:: Supplied material ::

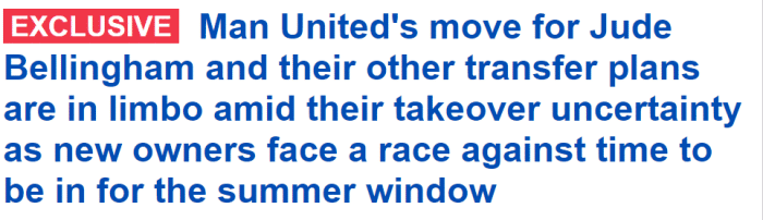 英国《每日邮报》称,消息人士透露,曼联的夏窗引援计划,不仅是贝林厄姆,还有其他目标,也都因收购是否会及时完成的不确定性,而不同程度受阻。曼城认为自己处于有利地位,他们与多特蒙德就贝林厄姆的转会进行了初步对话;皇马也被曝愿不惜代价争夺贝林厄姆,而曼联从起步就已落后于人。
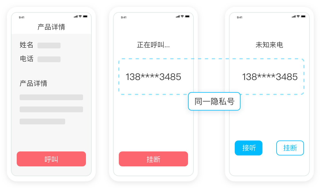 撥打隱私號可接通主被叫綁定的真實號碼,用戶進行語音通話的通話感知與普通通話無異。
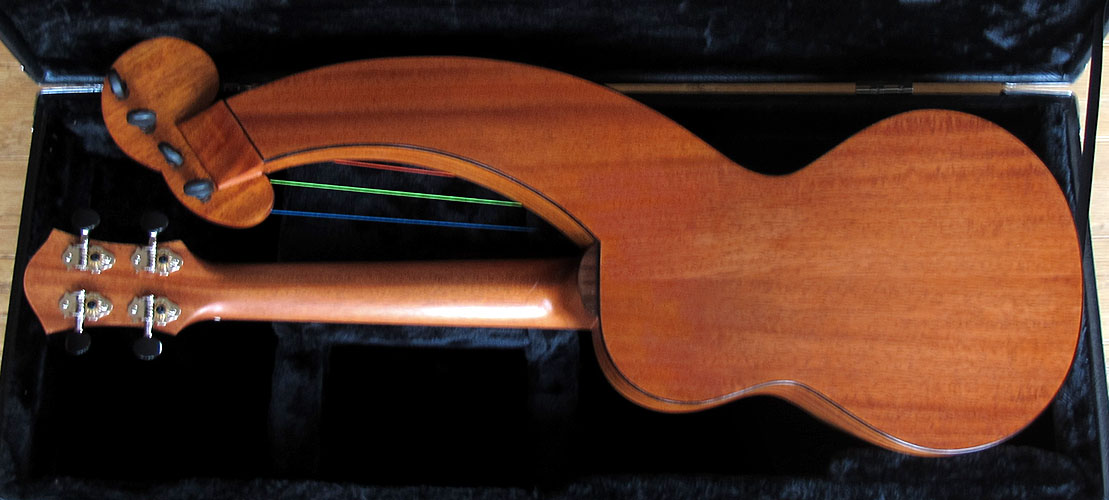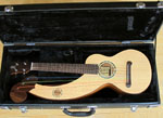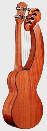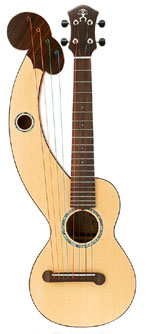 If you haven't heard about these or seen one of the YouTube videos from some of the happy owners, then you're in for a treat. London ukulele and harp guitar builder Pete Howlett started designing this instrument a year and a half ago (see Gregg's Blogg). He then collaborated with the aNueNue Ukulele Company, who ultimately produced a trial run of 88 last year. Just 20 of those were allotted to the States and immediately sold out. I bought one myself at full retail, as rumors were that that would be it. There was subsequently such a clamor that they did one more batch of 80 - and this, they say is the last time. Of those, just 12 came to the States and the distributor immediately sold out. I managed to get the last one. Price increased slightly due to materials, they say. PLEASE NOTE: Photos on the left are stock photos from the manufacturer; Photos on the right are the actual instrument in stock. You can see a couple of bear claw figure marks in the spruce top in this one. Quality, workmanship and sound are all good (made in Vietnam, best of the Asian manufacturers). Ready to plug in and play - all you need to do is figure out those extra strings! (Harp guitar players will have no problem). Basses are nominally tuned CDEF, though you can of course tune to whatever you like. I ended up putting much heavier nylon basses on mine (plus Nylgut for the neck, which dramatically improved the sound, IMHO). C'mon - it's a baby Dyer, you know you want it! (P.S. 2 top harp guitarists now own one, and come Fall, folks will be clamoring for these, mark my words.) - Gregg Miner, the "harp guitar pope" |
...
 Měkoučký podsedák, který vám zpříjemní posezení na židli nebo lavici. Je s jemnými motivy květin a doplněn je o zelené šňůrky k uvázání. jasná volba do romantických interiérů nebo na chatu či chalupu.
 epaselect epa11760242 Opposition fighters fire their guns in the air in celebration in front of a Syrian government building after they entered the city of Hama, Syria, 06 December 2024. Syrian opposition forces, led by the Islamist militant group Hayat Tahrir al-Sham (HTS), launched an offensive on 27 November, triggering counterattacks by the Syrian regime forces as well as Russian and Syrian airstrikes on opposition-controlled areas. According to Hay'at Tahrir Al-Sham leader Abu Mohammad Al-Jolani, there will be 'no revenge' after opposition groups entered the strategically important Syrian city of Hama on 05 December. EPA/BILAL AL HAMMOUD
==
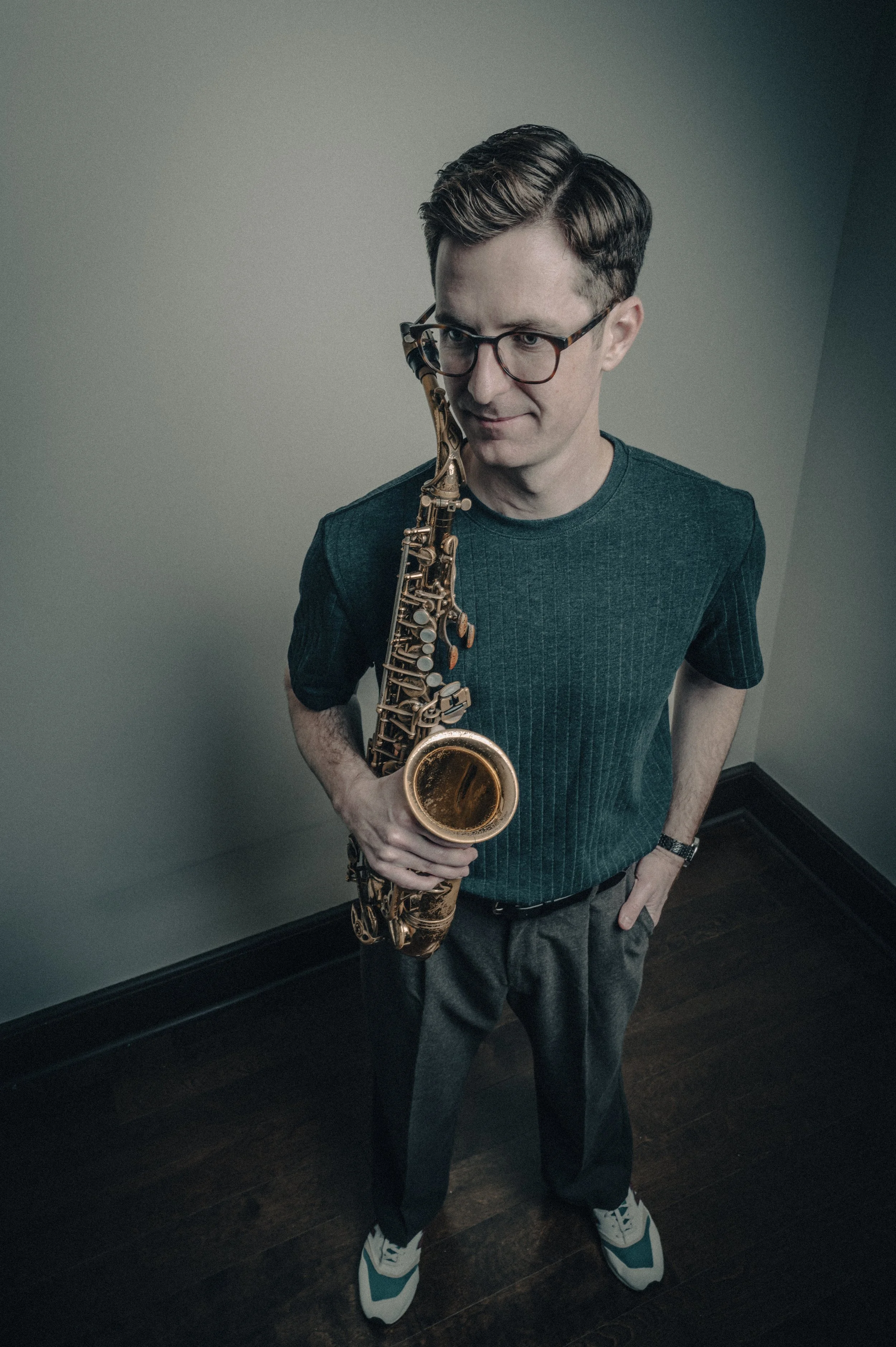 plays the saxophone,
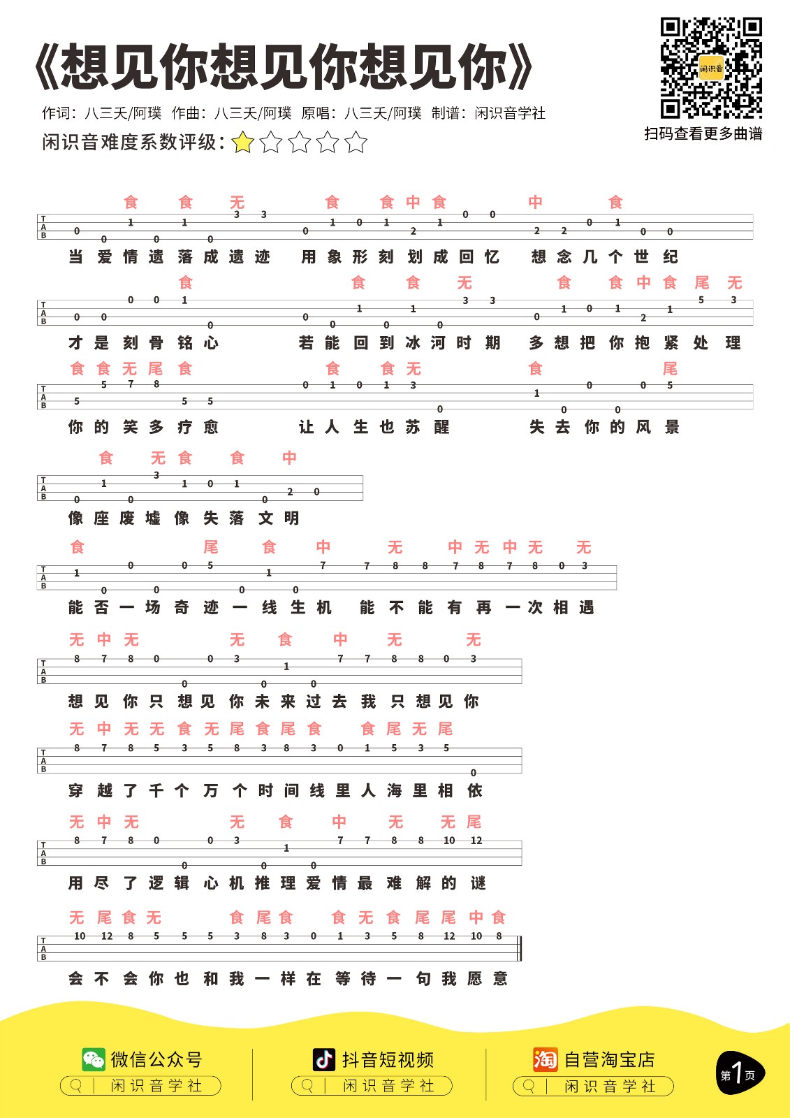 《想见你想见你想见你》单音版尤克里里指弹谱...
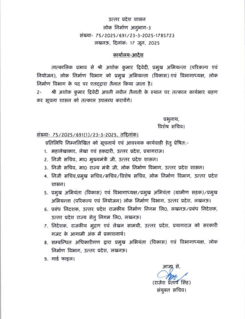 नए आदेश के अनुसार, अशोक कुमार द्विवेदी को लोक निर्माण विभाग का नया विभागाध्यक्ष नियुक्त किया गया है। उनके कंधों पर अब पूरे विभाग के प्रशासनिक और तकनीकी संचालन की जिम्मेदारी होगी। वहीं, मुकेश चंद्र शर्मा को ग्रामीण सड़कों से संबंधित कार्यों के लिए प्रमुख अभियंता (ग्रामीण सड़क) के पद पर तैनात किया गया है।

:: About this task ::
When you reach the line containing "英国《每日邮报》称,消息人士" in the entries above, begin restating word for word, and stop once the line containing "撥打隱私號可接通主被叫綁定的" has been given. Omit the pictures.

:: Task answer ::
 英国《每日邮报》称,消息人士透露,曼联的夏窗引援计划,不仅是贝林厄姆,还有其他目标,也都因收购是否会及时完成的不确定性,而不同程度受阻。曼城认为自己处于有利地位,他们与多特蒙德就贝林厄姆的转会进行了初步对话;皇马也被曝愿不惜代价争夺贝林厄姆,而曼联从起步就已落后于人。
 撥打隱私號可接通主被叫綁定的真實號碼,用戶進行語音通話的通話感知與普通通話無異。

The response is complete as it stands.